Objective: To observe whether an inexpensive dietary-induced hypercholesterolemia model in rabbits using a chow diet supplemented with egg yolks can be used to develop atherosclerotic lesions in animals.

Material and method: Fourteen rabbits were divided into two groups of seven animals: control group (G1), in which the rabbits were fed standard chow diet; and experimental group (G2), in which the rabbits were fed standard chow supplemented with egg yolks. Both groups were fed for 90 days. The lipid profile of all animals was measured at 0, 30, 60 and 90 days. At the end of the experimental period, euthanasia was performed and the aorta and its direct branches were excised to perform the histopathological examination.

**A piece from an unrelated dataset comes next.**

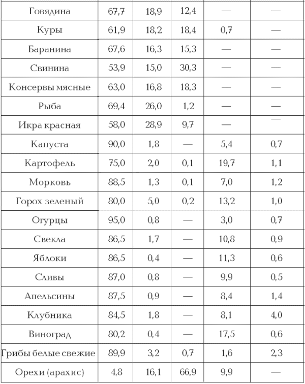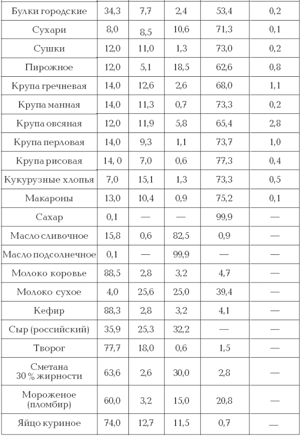 Ниже мы приводим специально для вас таблицу 2 с химическим составом и энергетической ценностью основных пищевых продуктов (в пересчете на 100 г продукта).

Results: There was a significant increase in plasma total cholesterol and cholesterol fractions only in group G2. The macroscopic examination showed fatty streaks in the aortic arch and abdominal aorta. Histological analyses revealed minimal lesions consisting of macrophages foam cells in the abdominal, renal, carotid and diaphragmatic aorta and femoral arteries. Therefore, the egg yolk diet developed mild atherosclerosis in rabbits and induced the same characteristics and extent of the lesions obtained by low-dosage purified cholesterol. Thus, egg yolk can be used as an inexpensive source of cholesterol in models of experimental atherosclerosis.

Keywords: Atherosclerosis, cholesterol, aorta, rabbits, diet, dyslipidemias.

J Vasc Bras. 2006;5(4):247-56

Article submitted September 12, 2006, accepted December 14, 2006.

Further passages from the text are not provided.